Chciałem się z Wami podzielić fascynującą hipotezą, przedstawioną przez Marka Sołonina w - 23 06. Dzień "M". Próbuje ona wyjaśnić zagadkowe wydarzenia rozgrywające się wśród wojsk Frontu Zachodniego, tuż przed wybuchem wojny.
Sama nazwa Front Zachodni jest potężnym dowodem przeciwko Stalinowi. Fronty powoływano w ZSRR, podczas wojny. Ten utworzono 19 06 1941!
Ale jest tego więcej, mamy relacje z jednostek pierwszego rzutu, o rozkazie odwołującym artylerię plot - na ćwiczenia(gdy koncentracja wojsk niemieckich była dowództwu A.CZ. znana)
Co więcej w pułkach myśliwskich wokół Grodna, nakazano rozbroić samoloty myśliwskie, przez fizyczne wymontowanie uzbrojenia, rozkaz wydał dowódca lotnictwa Frontu !
Te fakty, znane od dawna tłumaczono agenturalną infiltracją Niemców. Wyobrażacie sobie po wielkich czystkach, agentów Abwehry na wysokich szczeblach dowódczych w A.CZ. ? 8O
Są także relacje uczestników, że alarm bojowy ogłoszono 22 06 już o 02 00 w nocy !

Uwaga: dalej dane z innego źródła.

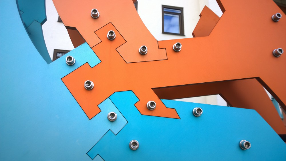 i 20mm tjock aluminium. Drygt 500st bultar.Epoxylimmade pusselmöten. Självbärande/låsande pusselkonstruktion. Ritad i CAD.

Sołonin tłumaczy te niezwykłe fakty, przygotowywaną przez Stalina prowokacją. Sowieci mieli niemieckie samoloty kupione oficjalnie od Niemców. Wyobraźmy sobie niemieckie samoloty bombardujące w niedzielne przedpołudnie, przygraniczne miasto.
Taki był scenariusz wszystkich wcześniejszych marszów wyzwoleńczych A.CZ.
To bezczelni Finowie, czy Estończycy "ostrzeliwali" lub "mordowali" sowieckich żołnierzy w 40 roku.
Na taką prowokację, odpowiedzią byłoby ogłoszenie przez niezmiernie miłujący pokój ZSRR mobilizacji powszechnej, i uruchomienie planu osłony. Ten plan, dziwnym trafem odtajniono. Wiemy jakie cele atakowałoby sowieckie lotnictwo i jakie byłyby kierunki uderzeń pancernych toporów - Korpusów Zmechanizowanych koncentrowanych pod granicą.
Jeżeli Sołonin ma rację, obaj dyktatorzy wyznaczyli ten sam termin ataku. Różnica polegała na tym, że Hitler zdecydowanie uderzył, a Stalin chciał mieć alibi.
Tłumaczyłoby też zdumiewającą obojętność Stalina na informacje o nadciągającej z Zachodu burzy. On wiedział jakie karty ma w ręku, o ile potężniejsze były siły A.CZ., nie wierzył że Wehrmacht tak słabymi siłami odważy się uderzyć pierwszy.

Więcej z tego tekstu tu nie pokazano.